Nearly two decades after liberalisation, DB still enjoys a 99% market share in the German long-distance passenger rail market. This clearly demonstrates that we need a level playing field for all rail companies in Europe and Germany.

HKX is convinced that a full separation of infrastructure management and rail operations would do much to amend the current situation. In every single case across Europe, vertical integration has been shown to hinder growth and efficiency. We need clear rules and fair regulation, so that investors can be confident that they can operate trains without fear of discrimination by incumbents or their governments.

In addition, the regulatory regime needs attention in a number of areas, particularly regarding access to the infrastructure of marketing and sales. With 43% of tickets still sold at stations, new entrants should also have access to essential sales facilities. This includes the central ticket office, which DB – the incumbent holding company – inherited from the taxpayer.

Moreover, in Germany, the holding company's infrastructure manager and rail operator share exactly the same brand. This means that any time the infrastructure manager uses its brand (the big sign outside every mainline railway station) it is also advertising the holding company's rail operators. This means brand awareness is absolutely critical for new entrants, but how can we possibly match the millions of euros in free advertising that DB's constituent operators receive each year?

The only way to effectively break these historic links and establish a level playing field is total vertical separation of track and train, with the creation of an infrastructure manager that is institutionally independent of the incumbent train operator.

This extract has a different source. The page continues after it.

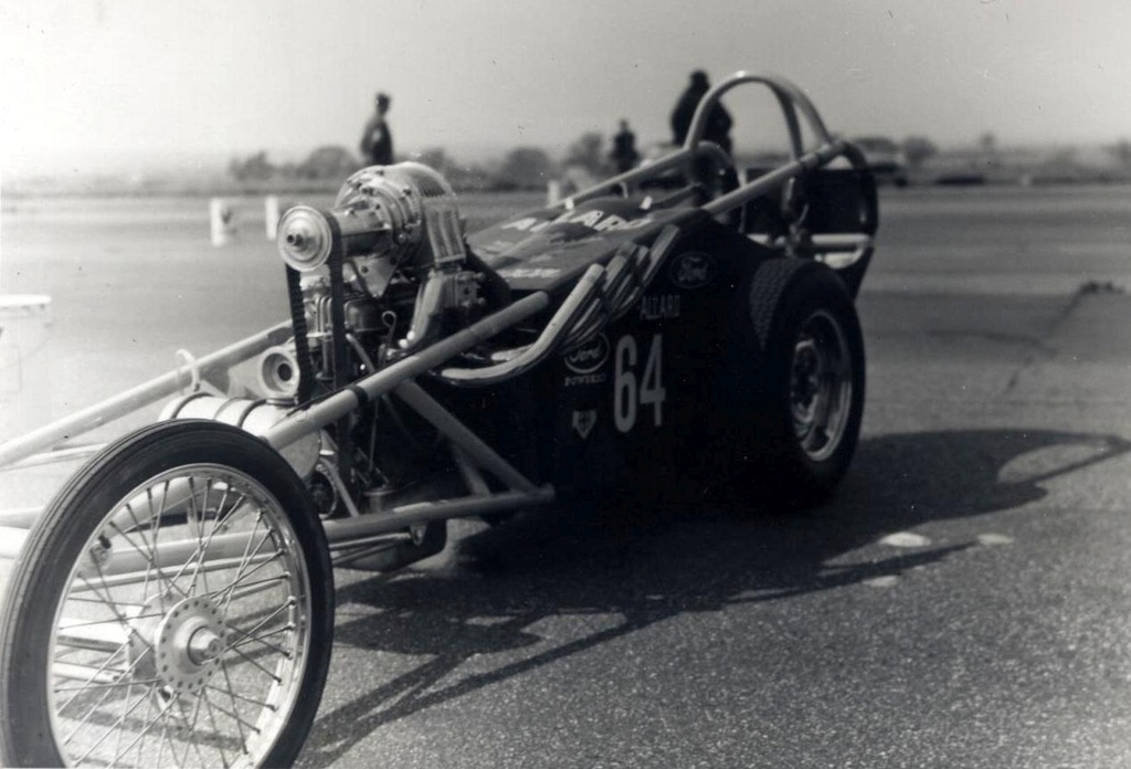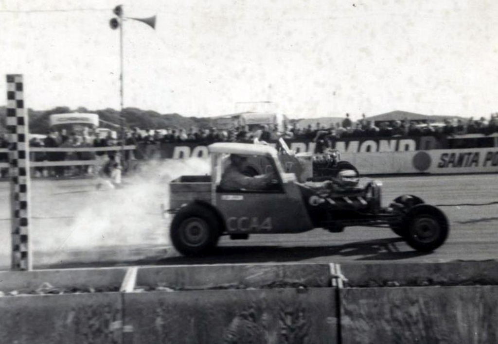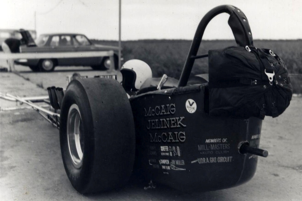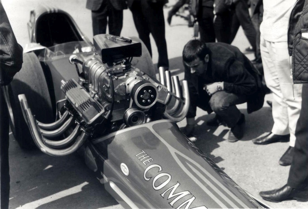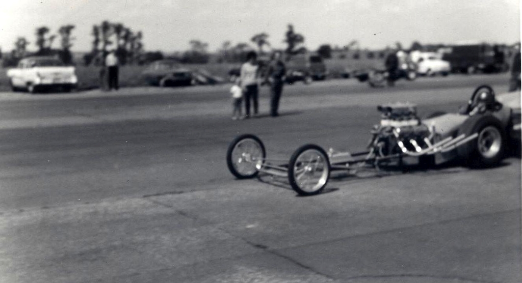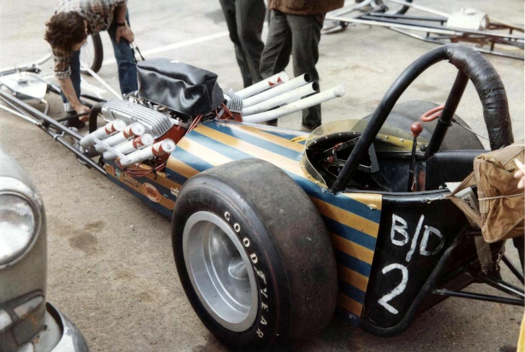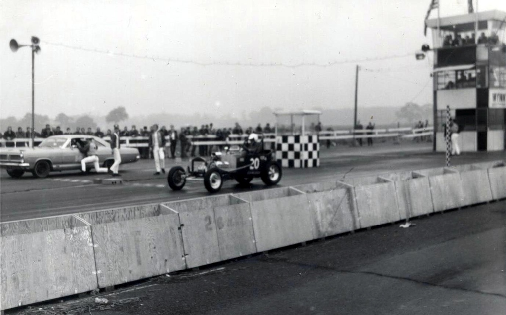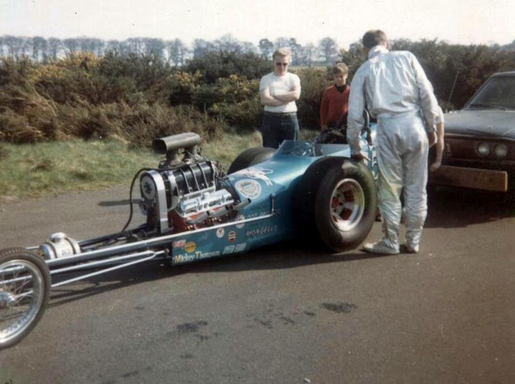 Brian stopped driving early in 1971 and did more of the wrenching and push car driving. He was getting married in 1972 and his intended wasn't too keen on him continuing to drive. At the end of the season, he left the team altogether to crew on Ken Coopers flathead dragster but became involved again in 1979 working with the others on the ‘Vintage Tin’ slingshot. He drove Motor Psycho a few times at the start of 1971 and on one of his last drives at Blackbushe Brian recalled where their dad had done the catering back in 1964.

HKX wants to see a genuinely open market for long-distance rail travel, which will allow consumers to take their pick based on price and service while access to sales infrastructure at stations is equal. Only when this has been accomplished can the long-distance passenger rail market be considered truly liberalised.

Eva Kreienkamp

Eva Kreienkamp worked for a number of major corporations in various management positions in finance, controlling, sales and marketing roles, becoming CEO of a marketing institute and event management agency before joining HKX in 2009 as chief financial officer. She was appointed CEO of HKX in 2011.